CrP soll der stärkste Indikator für eine Assoziation zu zukünftigen kardiovaskulären Ereignissen sein, im Vergleich zu Homocystein, Lipoproteinen und inflammatorischen Markern. Allerdings ist die Beziehung zwischen CrP und koronaren Ereignissen nicht spezifisch, da geringgradige inflammatorische Prozesse eine völlige unspezifische Antwort des Organismus darstellen und ggf. mit einer erhöhten CrP-Erhöhung einhergehen können.

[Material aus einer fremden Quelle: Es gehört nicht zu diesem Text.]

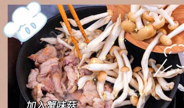 3少許油炒香肉片,加入蟹味菇,把蟹味菇炒軟,炒出汁水。
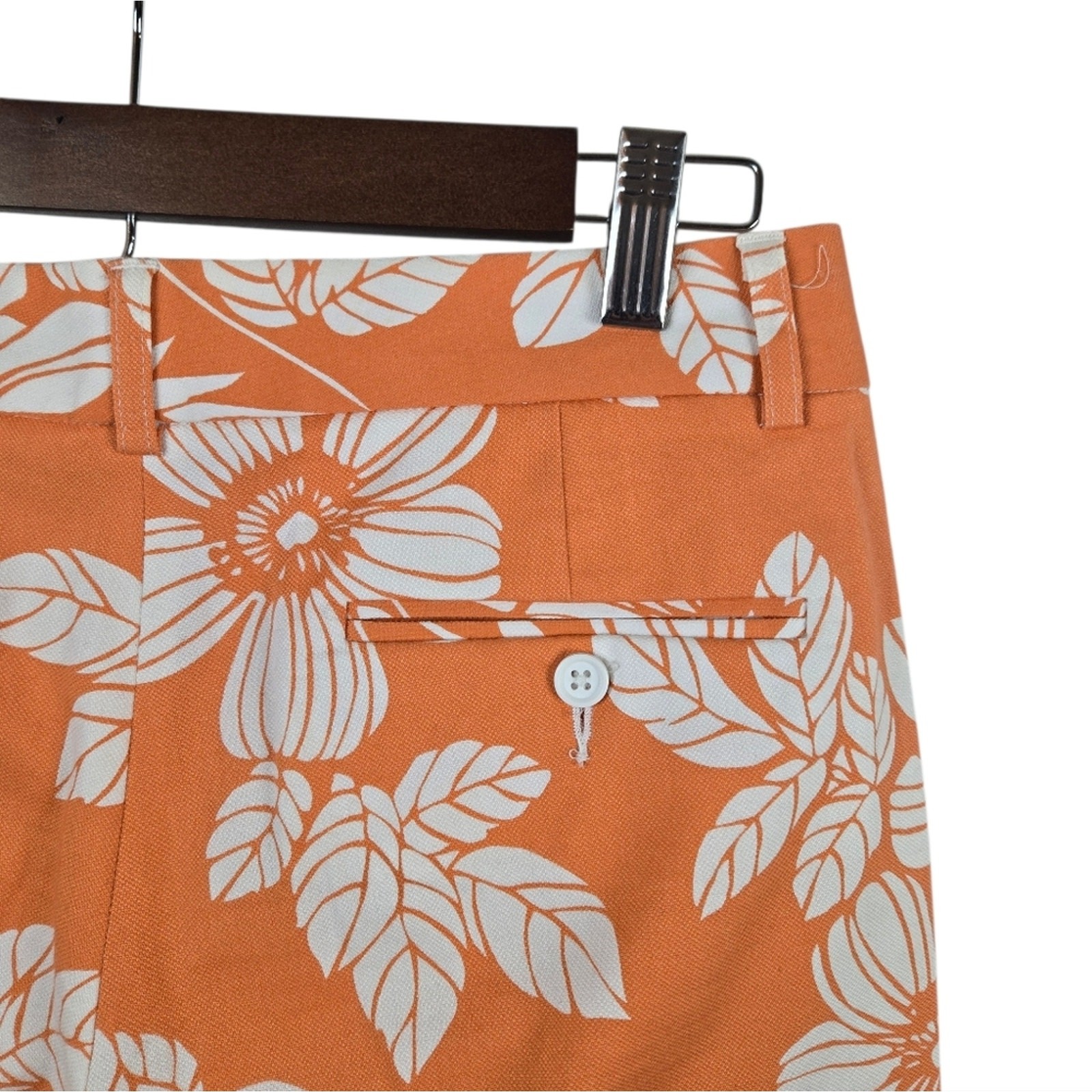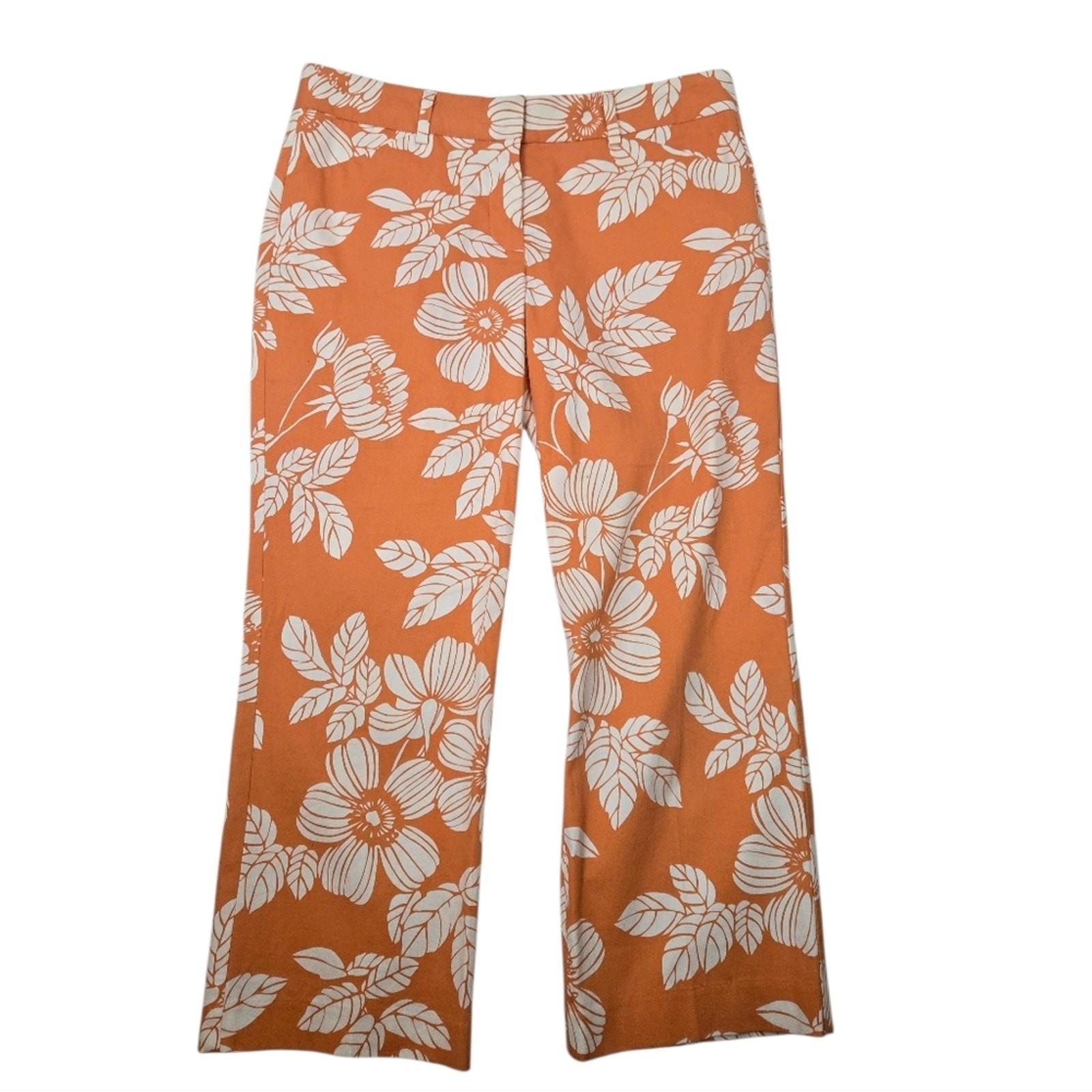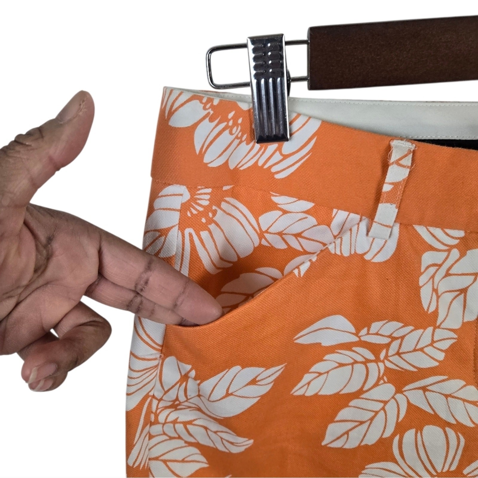 как выглядит Express Orange and White Floral Cropped Capri Pant фото

Erhöhte Konzentrationen des CrP werden auch gefunden bei:

  • Rauchern
  • Typ-2-Diabetes
  • Übergewicht
  • Orale Kontrazeptiva
  • Hormonersatztherapie
  • Akuten bakteriellen Infektionen


Empfehlungen für die Praxis:

  • Sekundärprävention:
    • Eine routinemäßige Bestimmung ist nicht zu empfehlen, da keine weiteren diagnostischen und therapeutischen Maßnahmen daraus resultieren
    • Eine Ausnahme könnte die Therapieanpassung darstellen
       
  • Primärprävention:
    • Bestimmung von CrP und den klassischen Risikofaktoren
    • Bei Werten < 0,3 mg/dl sind keine weiteren Messungen notwendig
    • Bei Werten > 0,3 mg/dl Verlaufskontrolle nach 2-3 Wochen
       
  • Bei Patienten mit akuter Entzündung oder Trauma sollte erst 3 Wochen nach Abklingen der Symptomatik das CrP gemessen werden, da CrP zu den Akute-Phase-Protein gehört.
     
  • Crp bleibt vor allem bei Erhöhungen > 0,5 mg/dl ein bedeutender Marker für eine Entzündungsreaktion.